After setting up your room, we went outside and immediately bumped into the voter registration table. We were both relieved to have this taken care of, because we were both wondering where you would have to go in town to take care of this. From there we went to the bookstore and got some swag, then to the dining hall to have lunch. After lunch we sat on the lawn in the famous red Adirondack chairs and all talked about nothing. We walked you back to your dorm so you could meet up with your floor for your first official campus activity, and then just like that, we said goodbye. 

The whole car ride home, I felt your absence, but I felt something else that I think I am going to hang on to and that feeling was curiosity. As soon as we left, I was already wondering who you were meeting, how was the roommate situation, was your new bed comfortable, how long will it take you to find your classes, etc, etc. I think even if we doubled the amount of time it took to get home, I would not have run out of things to be curious about, and let me tell you, being curious is a much better feeling than being heartsick. 
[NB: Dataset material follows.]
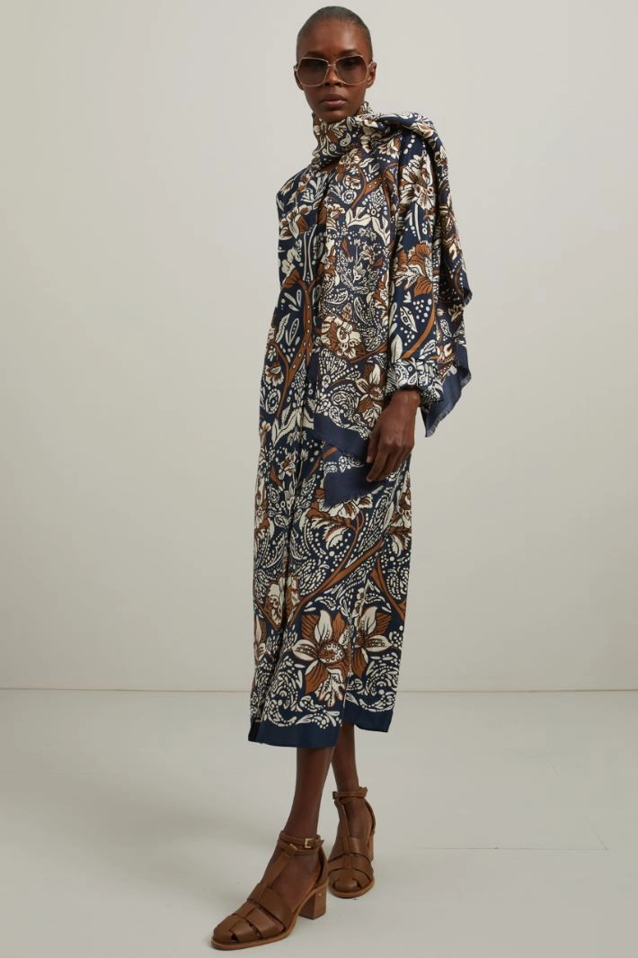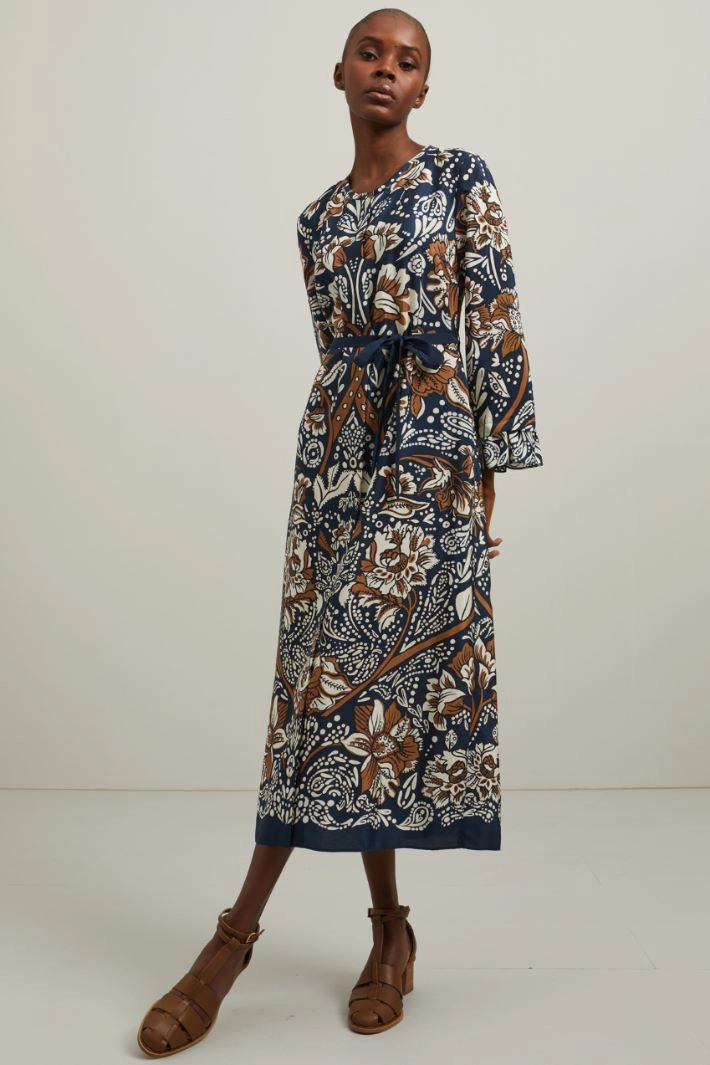Abito dalla linea fluida realizzato in raso di pura seta stampata, con scollo rotondo, maniche a tre quarti, tasche laterali inserite in cucitura. Allacciatura nascosta tramite bottoni e cintura coordinata.

You texted while we were driving and I felt so relieved, because without me asking, you were answering my unasked questions about what you were doing and how you were. I think it was in that text that I was finally able to relax about this transition. I had no expectation that you would reach out to us that soon, and yet, there you were. And, it was not a sad text or a text about being scared or any concerning feelings, it was just an update. Even as I write this, you are on Facetime with your sibling. Tonight I have some peace of mind because I know that you are okay. 

For now, I am okay too.

0 Days-am

It's here!

I didn’t sleep well. 

All these memories and thoughts keep flooding my brain and I feel like there is no way my brain or my heart can hold them any longer; so I write. 

I keep thinking about your first year of life when I would sit with you in the rocking chair nursing you in an attempt to get back to sleep. I still can feel the weight of you in my arms, I can still vividly see the curve of your face when it was in profile nursing, I can still see your gorgeous saucer eyes, and perfect lips that would crack into a smile, reflecting back my own smile at you. For a long time, we were the center of each other’s world and we enjoyed a sublime peace. We were blessed. 
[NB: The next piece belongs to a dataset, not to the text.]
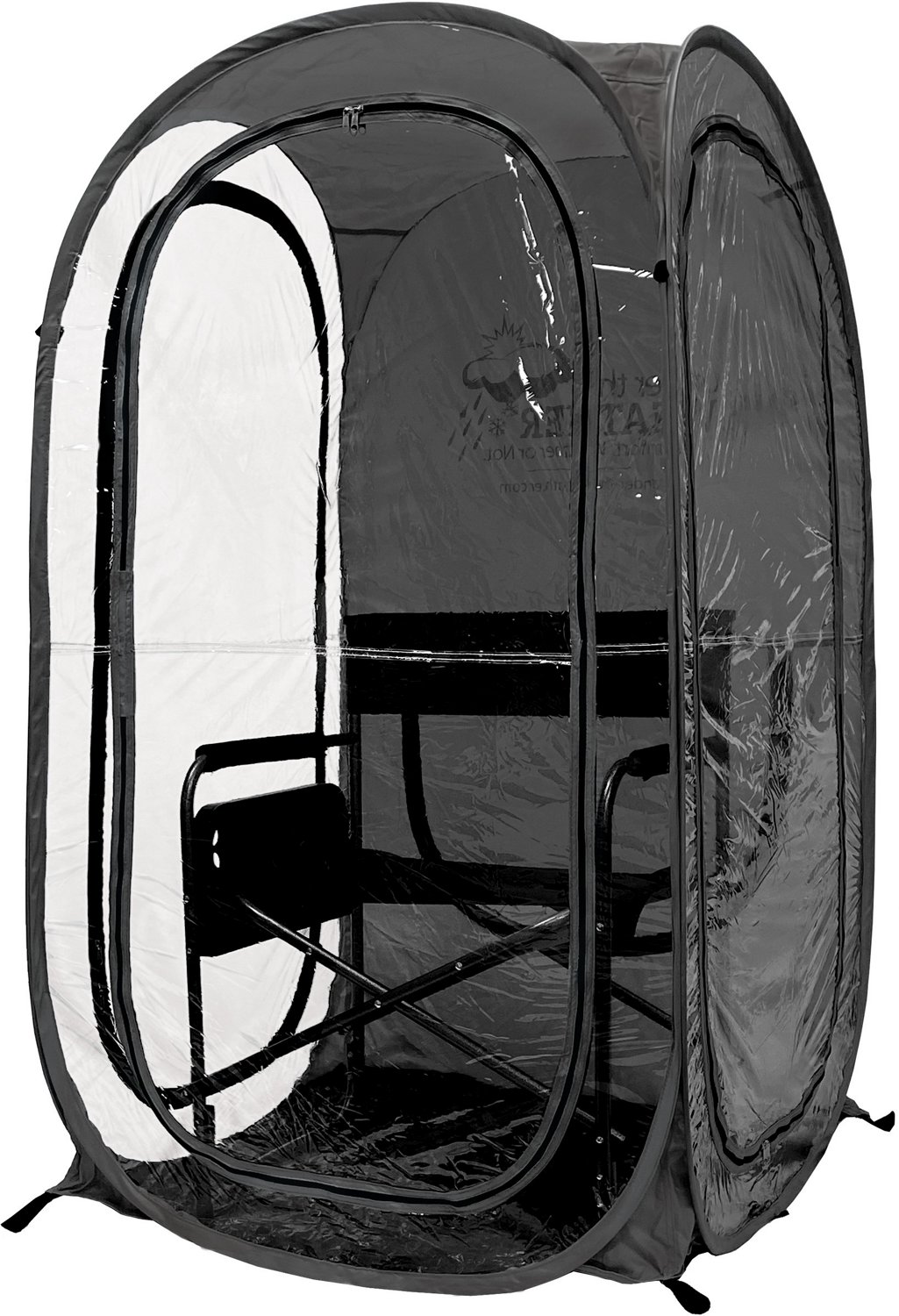 Watch sports games in the rain, set up a lemonade stand, keep warm while stargazing, and more with the Under The Weather WeatherPod MyPod 1-Person Pop Up Tent. Made from transparent PVC plastic, this tent is large enough to completely enclose an adult and camp chair while providing a panoramic view. The modular design connects to other MyPod tents to seat larger parties.

Our blessings continued when your sibling was born. We both thought the change to our dynamic would be a loss, but we both quickly found it was a gain. You gained a loyal and devoted best friend and I gained another pure being who taught me what a blessing it is to be alive. 

Truly, our lives have been perfect. Yes, there have been difficulties and sadness and there have been bad days and weeks, but always there has been us, and I have always felt that there was nothing in this world that our family could not do as long as we stayed together. 

My whole childhood, with every birthday, with each eyelash, and every shooting star, I always wished to belong to a happy family. To my core I held onto the belief that someday my wish would come true. I knew that if it wasn’t going to happen in my childhood, then I wanted to hurry up and grow-up so I could create it for myself. Believe me when I say that your dad, you, and your sibling are exactly what I wished for. So what happens now?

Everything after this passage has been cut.